======== SOURCE MATERIAL
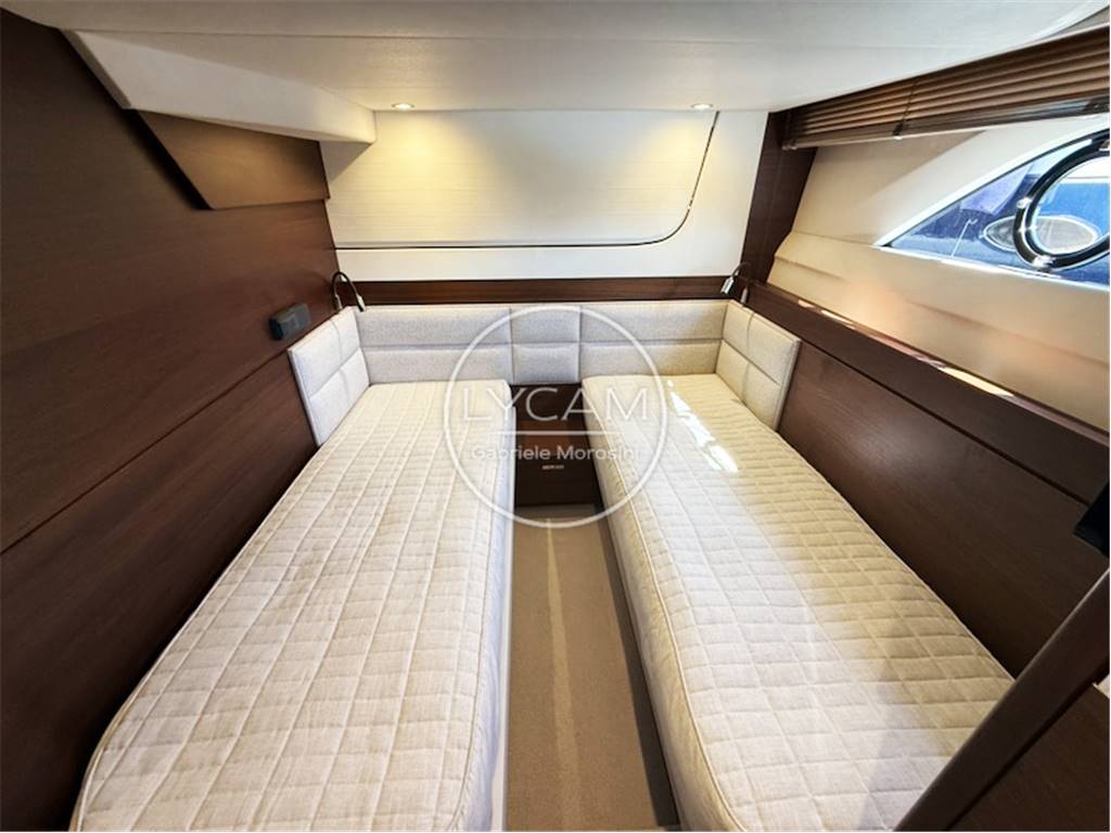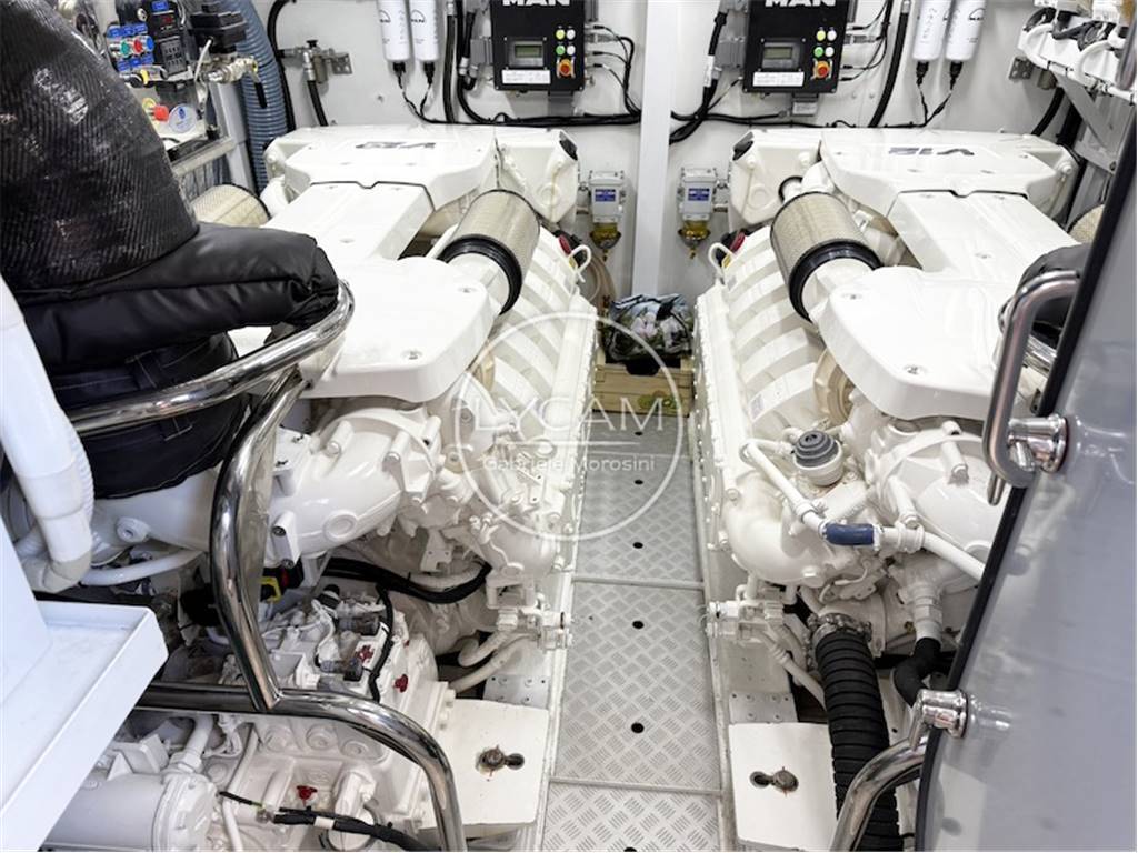 Notas internasAttraverso la grande plancietta poppiera è possibile accedere al pozzetto protetto dal fly e caratterizzato da ampio divano a U con tavolo per i pranzi all’aria aperta. Il ponte principale è quasi esclusivamente dedicato alla zona giorno e al salone. Infatti, entrando all’interno della sovrastruttura, si trova sulla sinistra un’attrezzata cucina che serve la zona pranzo sulla parte opposta. Procedendo verso prua, a centro barca, vi è la spaziosa dinette con divano a C e poltrone con mobile contenente TV a scomparsa. Oltre questa zona vi è la timoneria collocata sulla murata di destra mentre sul lato opposto un comodo e funzionale divanetto. Nella zona prodiera della coperta è stato ricavato un grande prendisole. INTERNI: Scendendo sottocoperta attraverso l’accesso a lato della timoneria si trovano le cabine doppie con letti in piano servite da un bagno in comune mentre a prua la cabina VIP con locale toilette en-suite. La cabina armatoriale ha un accesso riservato dalla zona della dinette principale ed è dotata di divanetto panoramico sulla murata di sinistra e locale bagno en-suite. A poppa estrema vi è il locale equipaggio con cabina con letti doppi in piano e locale bagno annesso. Il fly ha un allestimento funzionale con area living, tavolo, sedute e plancia di comando protette dal soft top. Notas de la instrumentaciónPilota automatico; Ecoscandaglio; Anemometro Raymarine; GPS/Plotter Raymarine; Manette motori elettroniche; Flaps; VHF; Bussola; Stabilizzatori Seakeeper mod. 16 (290 ore); Radar; Radio Hi-fiNotas de armamentoLuci di navigazione; luce di fonda; Aria condizionata; Generatore Cummins Onan 1 (2338 ore); Generatore Cummins Onan 2 (933 ore); Boiler; Caricabatterie; Batterie; Presa 220V; Stacca-batterie; Microonde; Lavatrice; Asciugatrice; 2 Congelatori; Forno; Lavastoviglie; 2 Frighi; Pompe sentina automatiche; Pompa acque grigie; Salpa ancore elettrico; Winch tonneggio pozzetto; Tavolo pozzetto in legno; Pozzetto in teak; Plancetta poppiera in teak; Scaletta bagno; Passerella idraulica; Doccia pozzetto; Sirena; Tergicristalli; Tv; Impianto Tv-sat; Cuscinerie esterne; Griglia BBQ; Passavanti in teak; Mezzomarinaio |
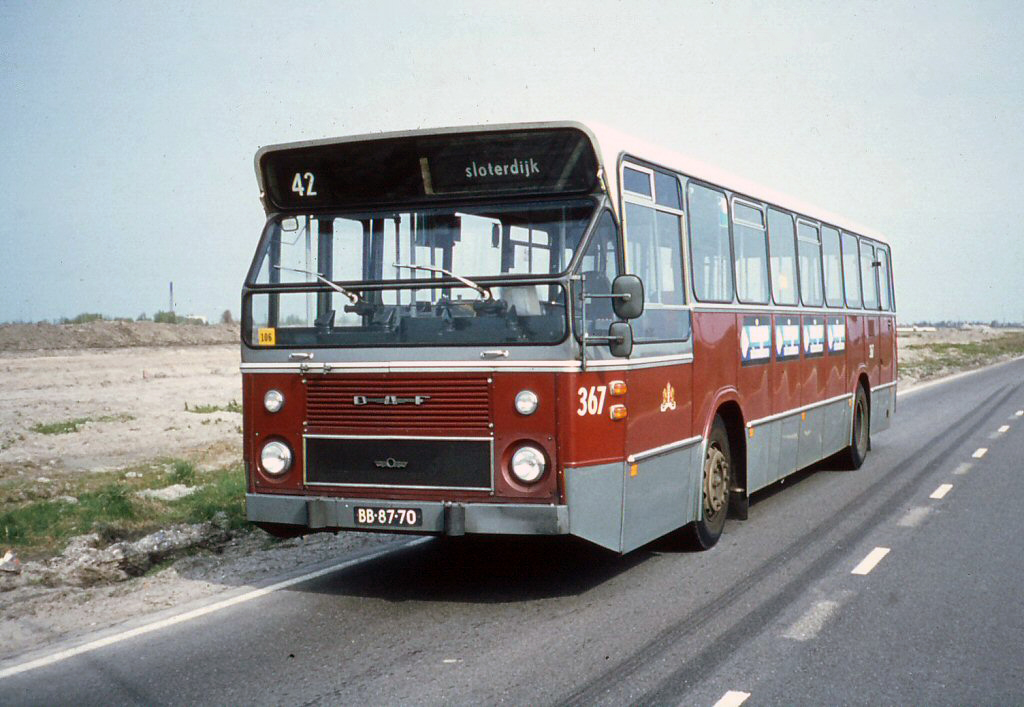 ![]() GVB 367, Lijn 42, Hornweg, 13 april 1981. Fotograaf: onbekend (verzameling Jos van der Klundert). |
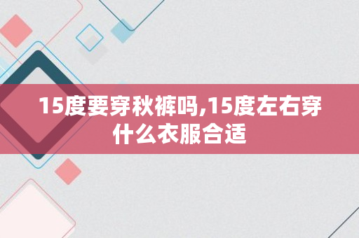 十五度要穿秋裤的季节,外面在穿一件单裤就可以了,当然这是年轻人的穿衣服,他们身体健康强壮,冬天都不穿棉的,我们老年人和小孩子可不能这样,穿少了冷不说还可以冻出病来的,人和人不一样要根据自己的身体情况来穿衣服和打伴啊。
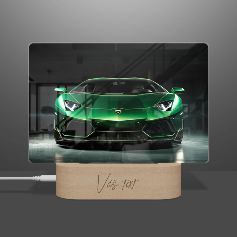 Součástí balení je akrylové sklo dle výběru, dřevěný RGB LED stojánek a napájecí USB kabel.
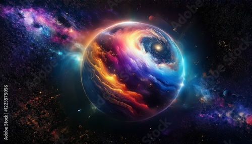 Obraz premium 암흑 공간에 떠있는 독특한 색상의 구형 행성
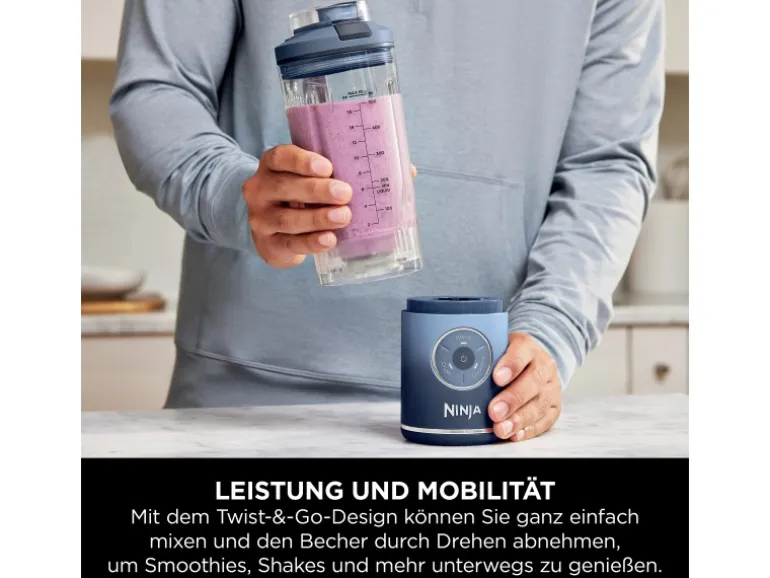 Zwei automatische Auto-iQ-Programme zerkleinern und verarbeiten Zutaten in Sekundenschnelle. Durch einfaches Drehen können Sie den Mixbecher und den auslaufsicheren Deckel entfernen – ideal zum Trinken unterwegs, während einer Fitnesseinheit oder bei einem Outdoor-Abenteuer. Und sein trendiges Finish in Blau bedeutet: Mixen mit Stil.
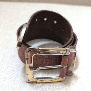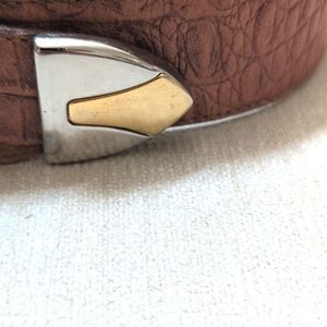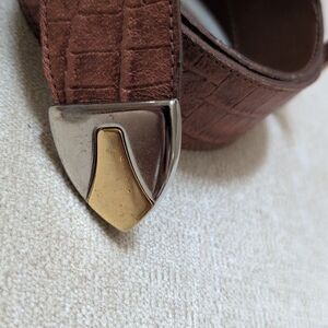 Vintage Genuine Leather Croc Embossed Brown Belt with a gold & silver belt buckle and belt tip. This women's wide leather belt features a large gold and silver tone statement buckle, loop, and belt tip. Soft 100% brown croc leather. Size Medium. Measures approximately: 34" leather belt strap 25.5" to the first hole 30.5" to the last hole 2.5" x 2.5" buckle 1.5" wide Good pre-owned vintage condition. minor discoloration on the belt tip. *see pictures* Bundle items and save 20%!!
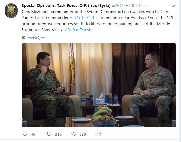 Suriye’nin kuzeyindeki Ayn İsa kasabası yakınlarında gerçekleşen görüşmeye dair fotoğraf, IŞİD ile mücadele koalisyonunun resmi Twitter hesabından paylaşıldı.
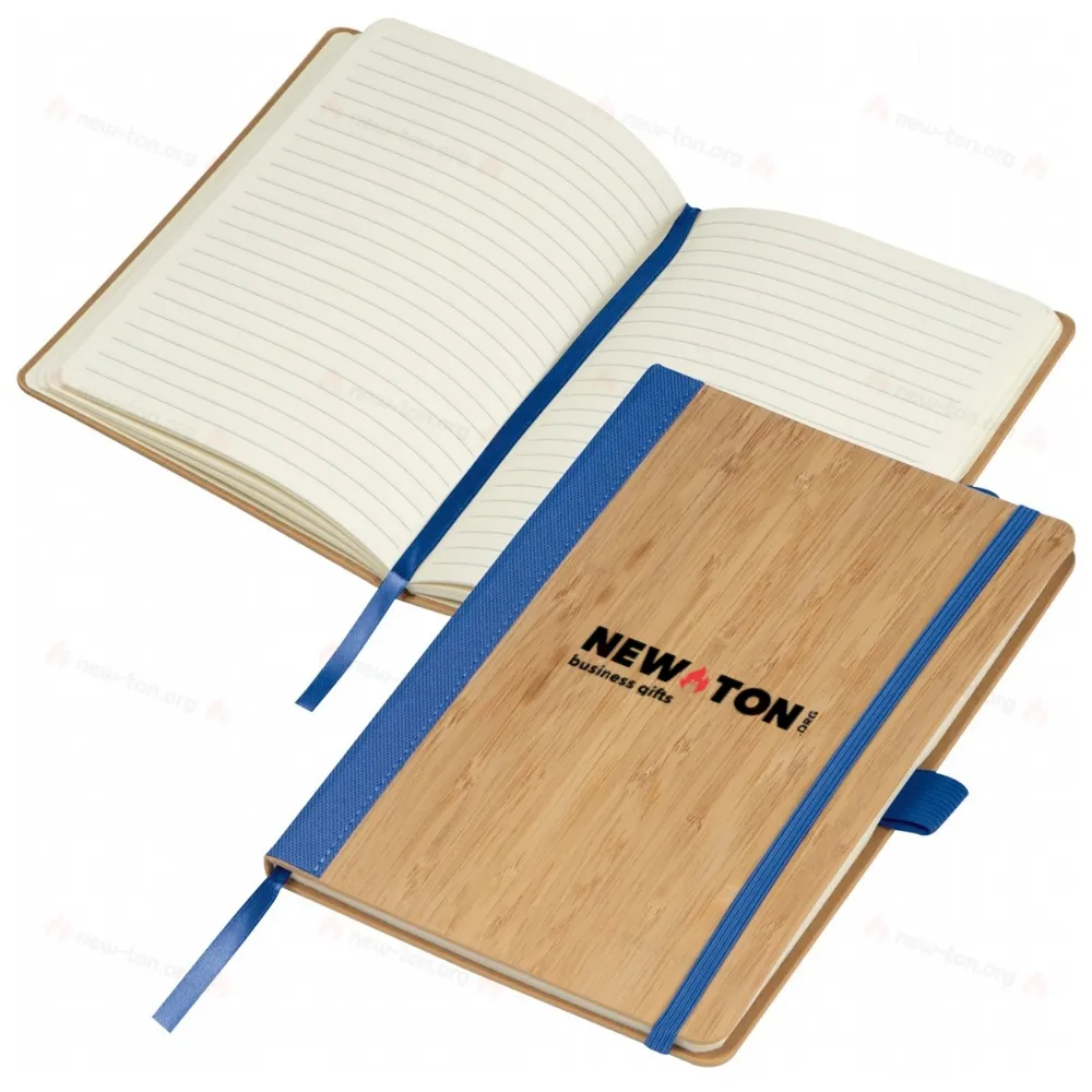 Блокнот формата А5 из бамбука и переработанного полиэстера. В блокноте 192 страницы в линейку, застежка на резинку и петля для ручки.
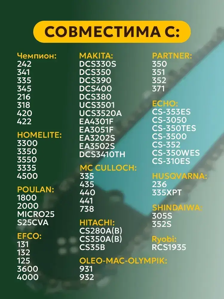 Цепь пильная 52 звена Длина шины- 14"/35см Шаг цепи - 3/8" Толщина ведущего звена - 1,3 мм
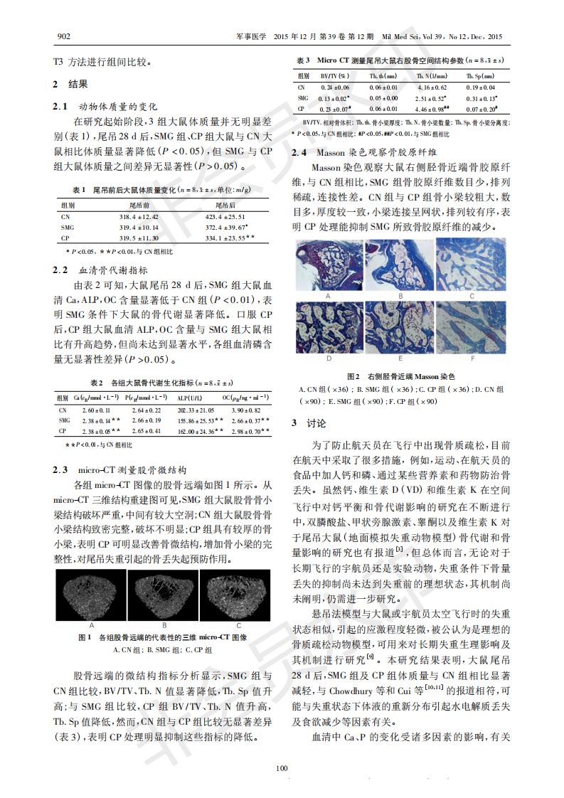 Improvement effect of oral bovine collagen peptide on the microstructure of rat femur under simulate
================
### EXERCISE
Begin with the line that contains "Suriye’nin kuzeyindeki Ayn" and repeat every line through the end of the data, exactly and only those lines, leaving out the pictures.

### FINISHED TASK
 Suriye’nin kuzeyindeki Ayn İsa kasabası yakınlarında gerçekleşen görüşmeye dair fotoğraf, IŞİD ile mücadele koalisyonunun resmi Twitter hesabından paylaşıldı.
 Блокнот формата А5 из бамбука и переработанного полиэстера. В блокноте 192 страницы в линейку, застежка на резинку и петля для ручки.
 Цепь пильная 52 звена Длина шины- 14"/35см Шаг цепи - 3/8" Толщина ведущего звена - 1,3 мм
 Improvement effect of oral bovine collagen peptide on the microstructure of rat femur under simulate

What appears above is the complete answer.